1. The State of Qatar has been governed by HH Sheikh Tamim Bin Hamad Bin Khalifa Al-THANI since June 2013. As one of the smallest nations by population and land area, in the world the State of Qatar has a total land area of only 11,610 km2 (4,483 sq. miles). According to Aug 2019 UN estimations, the State of Qatar’s total population is 2,839 million. With some 340,000 people, Qataris are considered a ‘minority’ in their own nation amounting to only 12% of the population.

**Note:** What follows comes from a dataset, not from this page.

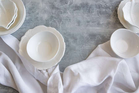Empty ceramic tableware. Ceramic plates on jeans tablecloth or runner. Overview empty food table with tableware. Set of different modern white plates and bowls.Top view or flat lay.Copy space for text

(a) To overcome manpower limitations, Qatar is not only extending its compulsory national service program from 3 to 4 months to 12 months and allowing volunteer females to join the Army, but also recruits large numbers of foreign contract soldiers. In April 2015, when the National Service Law entered into force, Qatar has made it mandatory for Qatari citizens to be conscripted in the Army.​
(b) Since April 2018, amid the ongoing Arab boycott, Qatar allowed female Qatari citizens to join the Army and extended compulsory military service to one year. Given the manpower and talent limitations, we should not see Qatar’s fighter purchasers from France, UK and the US as just buying an ‘instant noodle’ type of solution; rather the country is buying into a long term security relationship with the above said countries and with also Italy (for their navy).​
(c) While Qatar’s goal is not to create their own foreign legion, it is looking to diversify (from just traditional ties with Pakistan as manpower supplier) and augment their manpower shortage by hiring foreign contractors to shore-up their squadron manpower, for 5 new squadrons. IMO, Qatar is certain to ask UK and France for secondment of officers and senior enlisted to their squadrons, to take up roles as diverse as flight leads, instructor pilots, test pilots, weapons systems officers, flight surgeons and to hire crew chiefs on local terms, from these countries.​
(d) Qatar will continue to do this for a decade or more until they can stabilise their pilot and crew chief training pipeline. Strictly speaking, they are not just buying platforms but also renting people to operate them, while trying to grow their locals to take more and more responsibilities.​
(e) The fighter purchases from Qatar has occurred against a backdrop of a three-year boycott by Arab states, in part due to Qatar’s policies, including its support for the Muslim brotherhood by its media. In particular, Al Jazeera has been criticized as functioning as Qatari state media. Among the 13 demands made by Arab countries namely Saudi Arabia, Bahrain, Egypt and the UAE on 23 Jun 2017 was the closure of Qatari based cable news network, Al Jazeera. Al Jazeera has been called Al Jahiliyyah (the ignorance) and Al Jahannam (the damned) for the network’s seemingly mala fide, biased and unprofessional news coverage.​
(f) Over the last decade, the Qatari leadership have raised so much controversy over the country’s foreign policy that there is a strong anti-Qatar sentiment in Saudi Arabia, Bahrain, the UAE, and Egypt, which was imposed a boycott in Jun 2017. In 2010, U.S. State Department internal communications released by WikiLeaks as part of the 2010 diplomatic cables leak said that the Qatari government manipulates Al Jazeera coverage to suit the country's political interests.​

2. While under pressure from an Arab boycott, Qatar hastily entered into a £5bn deal with BAE Systems supported by the UK government for which it paid the first installment in September 2018. In 2019, it was also reported that Qatar will accelerate its acquisition of 24 Eurofighter Typhoon fighter jets and 9 Hawk trainers. The export deal also includes a support and training package for the aircraft, in addition to training and cooperation between the UK Royal Air Force (RAF) and the Qatari Emiri Air Force (QEAF). In the original schedule the aircraft are expected to be delivered in 2022; but that has been accelerated. The Qatar deal includes the supply of a weapons package covering MBDA-built Brimstone 2 air-to-ground and Meteor beyond-visual-range air-to-air missiles as well as Raytheon’s Paveway IV precision-guided bombs.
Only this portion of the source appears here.